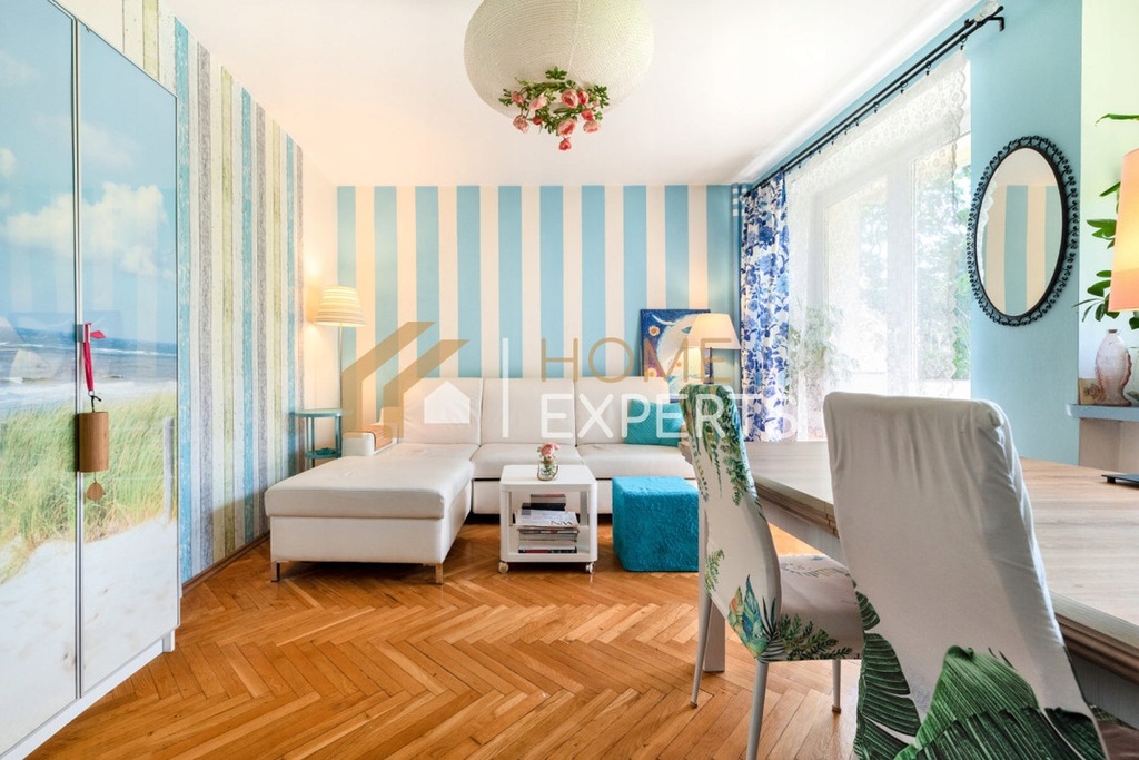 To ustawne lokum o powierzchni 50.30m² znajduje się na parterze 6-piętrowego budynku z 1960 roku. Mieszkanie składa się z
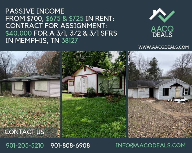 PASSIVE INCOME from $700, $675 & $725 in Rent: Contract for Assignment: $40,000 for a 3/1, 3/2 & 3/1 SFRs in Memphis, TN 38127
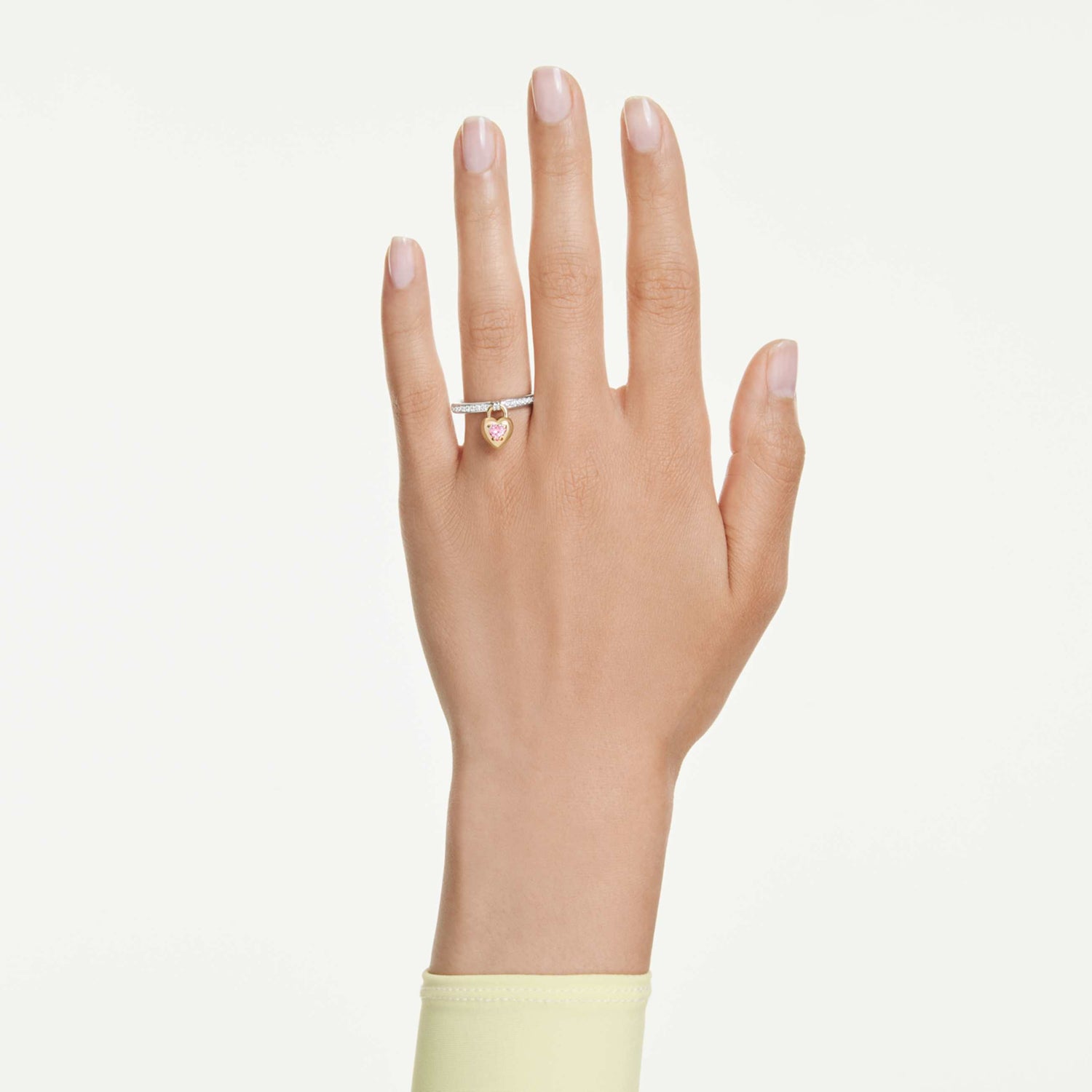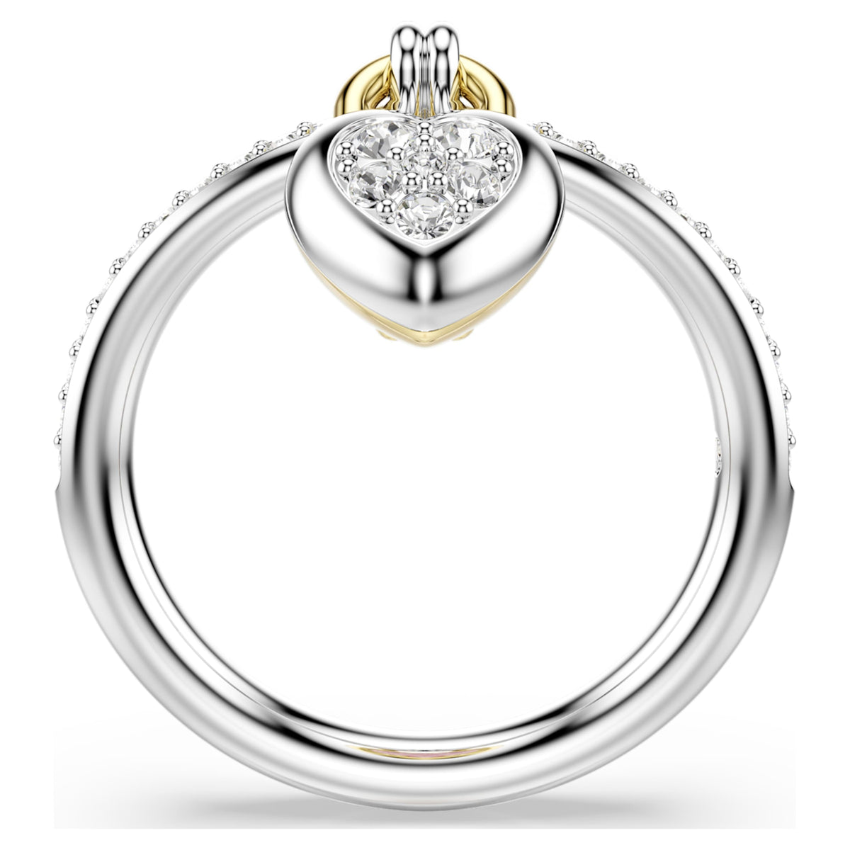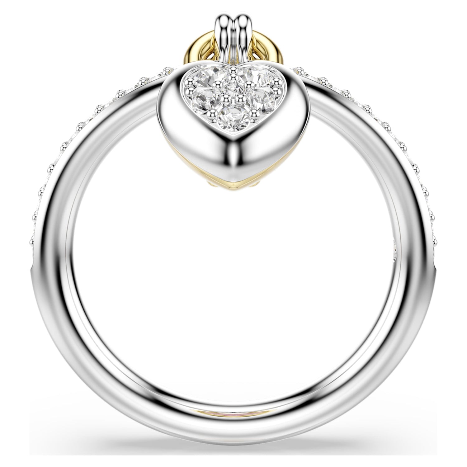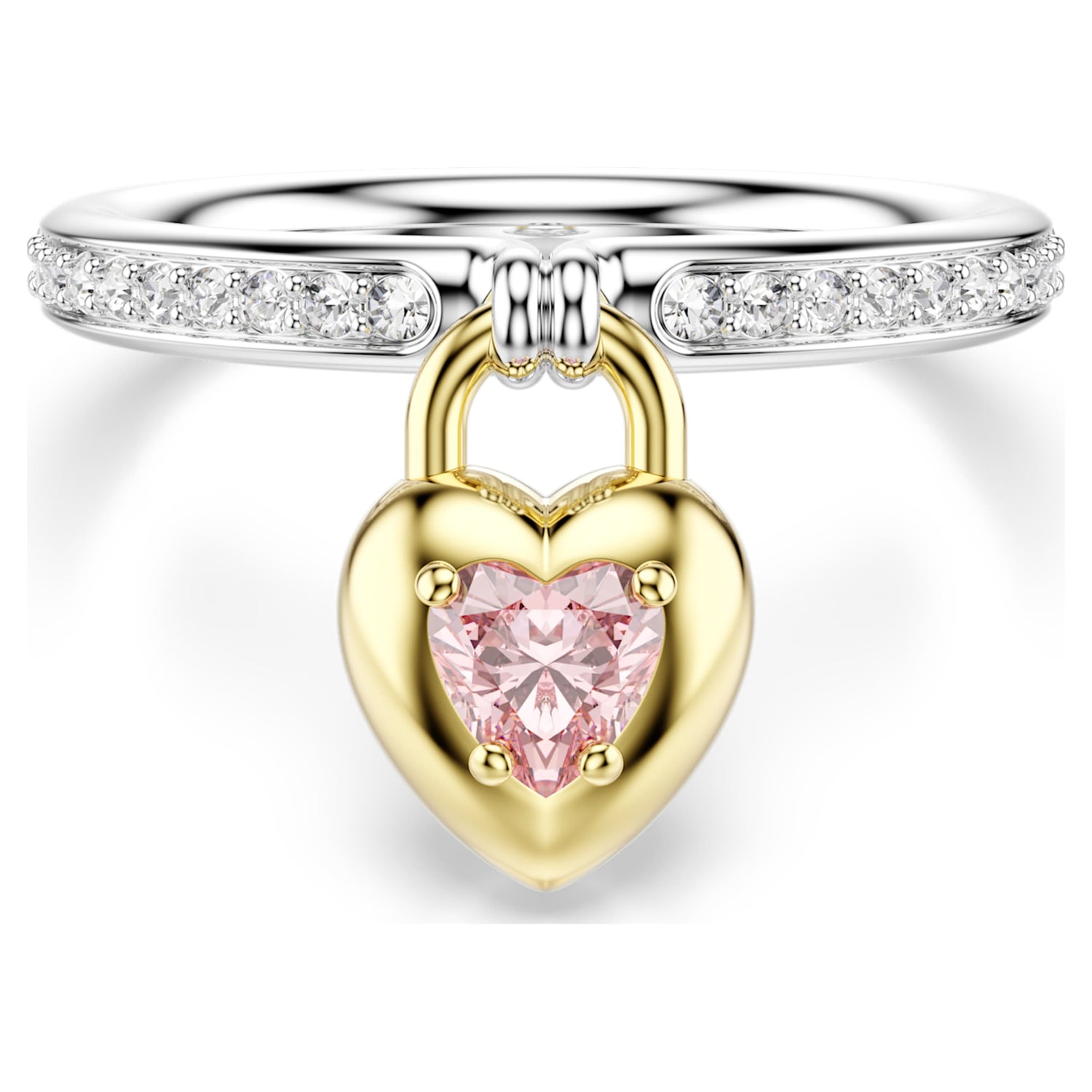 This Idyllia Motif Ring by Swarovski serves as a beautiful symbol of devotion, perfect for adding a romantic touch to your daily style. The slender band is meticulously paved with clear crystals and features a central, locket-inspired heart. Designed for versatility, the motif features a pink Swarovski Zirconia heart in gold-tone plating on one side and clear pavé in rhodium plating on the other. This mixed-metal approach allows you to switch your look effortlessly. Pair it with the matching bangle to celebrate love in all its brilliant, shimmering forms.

-- Task objective --
Lines from the one holding "PASSIVE INCOME from" to the end of the data, both ends included, are to be given again exactly; no pictures belong in the copy.

-- Response area --
 PASSIVE INCOME from $700, $675 & $725 in Rent: Contract for Assignment: $40,000 for a 3/1, 3/2 & 3/1 SFRs in Memphis, TN 38127
 This Idyllia Motif Ring by Swarovski serves as a beautiful symbol of devotion, perfect for adding a romantic touch to your daily style. The slender band is meticulously paved with clear crystals and features a central, locket-inspired heart. Designed for versatility, the motif features a pink Swarovski Zirconia heart in gold-tone plating on one side and clear pavé in rhodium plating on the other. This mixed-metal approach allows you to switch your look effortlessly. Pair it with the matching bangle to celebrate love in all its brilliant, shimmering forms.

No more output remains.